How do you find all the real and complex roots of # P(x) = 3x^4 + x^3 + 2x^2 - 2#?

1 Answer
May 5, 2016

Answer:

It gets rather complicated, but it's doable...

Explanation:

#P(x) = 3x^4+x^3+2x^2-2#

You might try looking for rational zeros first, but you would not find any. This is a full blown quartic with #2# Real roots and #2# Complex roots, all irrational.

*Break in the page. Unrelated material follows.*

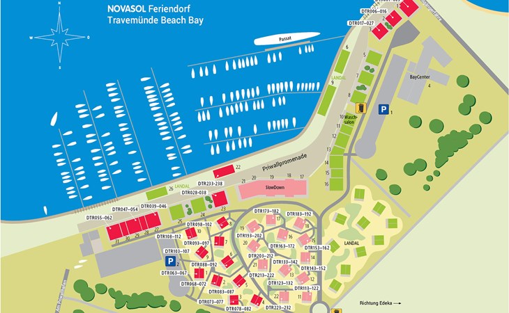 Zu dem Ferienresort „BeachBay“ gehören u.a. Rezeption, Shops, Restaurants und Bars, Eisdiele, Spielplätze, Fahrradverleih, Waschsalon und die Ostseestation (Umweltzentrum und Aquarien mit heimischen Meerestieren).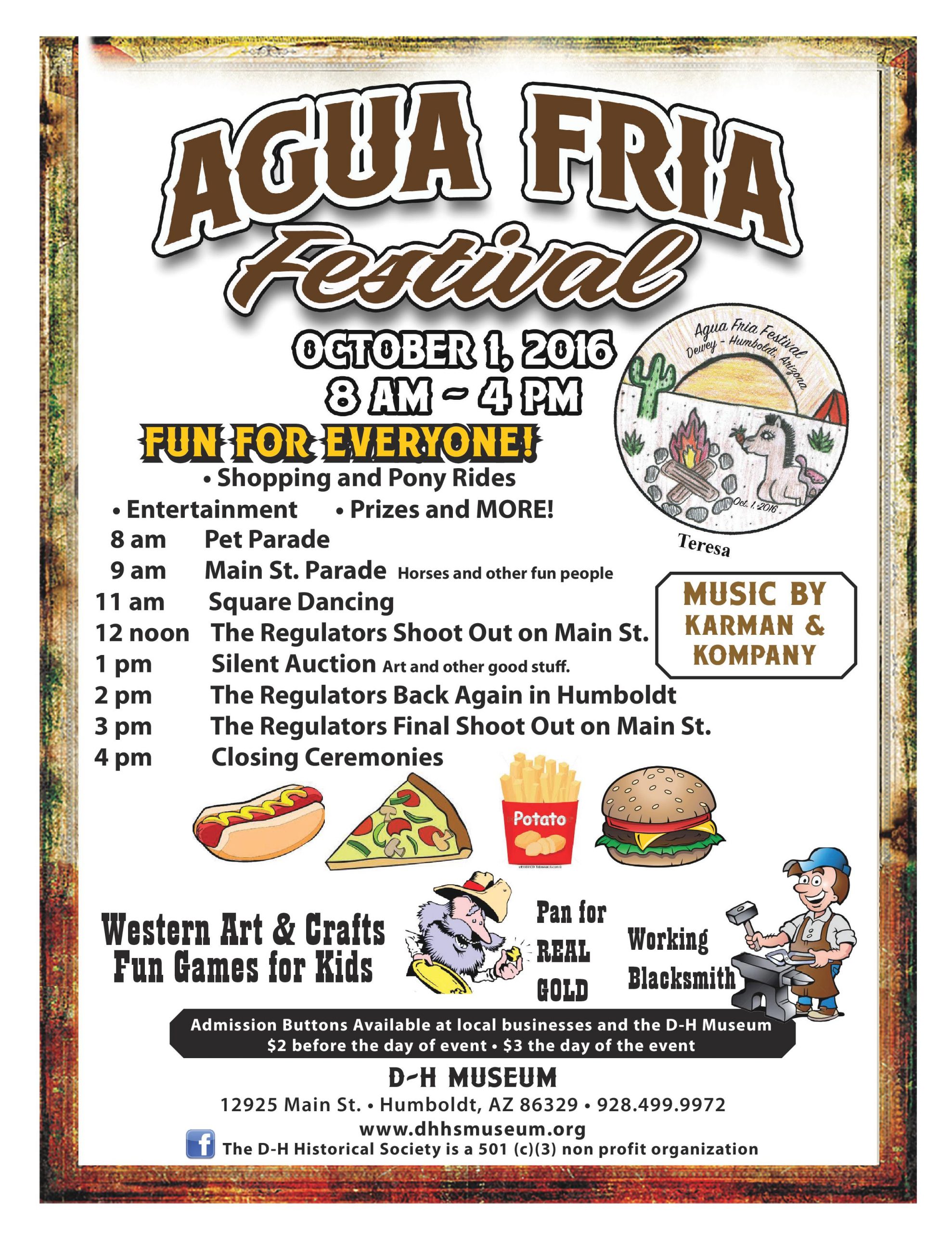Arizona's Oldest Street Festival, first held in 1907. Parades, Vendor Booths with Western Arts & Crafts, Food Vendors, Silent Auction, Shoot Out on Main Street, Blacksmith, Pan for Gold, Square Dancing, Kids Games and much more. All proceeds support the Dewey-Humboldt Historical Society and the Museum, a non-profit 501(c)3 organization.

Normally with a quartic of the form #ax^4+bx^3+cx^2+dx+e#, the first thing you would do would be to substitute something like #t=x+b/(4a)# in order to get a quartic in #t# with no #t^3# term.

In our example, there's an easier method by substituting #t = 1/x# and multiplying by #-2t^4# to get:

#0 = 4t^4-4t^2-2t-6#

#=(2t^2-at+b)(2t^2+at+c)#

#=4t^4+(2b+2c-a^2)t^2+a(b-c)t+bc#

Equating coefficients and rearranging a little, we get:

#{ (b+c = (a^2-4)/2), (b-c=-2/a), (bc=-6) :}#

Then:

#((a^2-4)/2)^2 = (b+c)^2 = (b-c)^2+4bc = (-2/a)^2-24#

Hence:

#(a^2)^3-8(a^2)^2+112(a^2)-16 = 0#

Multiply through by #3^3=27# to get:

#0 = 27(a^2)^3-216(a^2)^2+3024(a^2)-432#

#=(3(a^2)-8)^3 + 816(3(a^2)-8)+6608#

Substitute #w=3a^2-8# to get:

#w^3+816w+6608= 0#

Let #w=u+v# to get:

#u^3+v^3+3(uv+272)(u+v)+6608= 0#

Add the constraint #v = -272/u# to eliminate the term in #(u+v)# and multiply through by #u^3# to get:

#(u^3)^2+6608(u^3)-20123648 = 0#

Since this derivation is symmetric in #u# and #v#, we can use the quadratic formula and hence the two Real roots of this quadratic as #u^3# and #v^3#, to provide a Real value for #w# and hence #a^2#...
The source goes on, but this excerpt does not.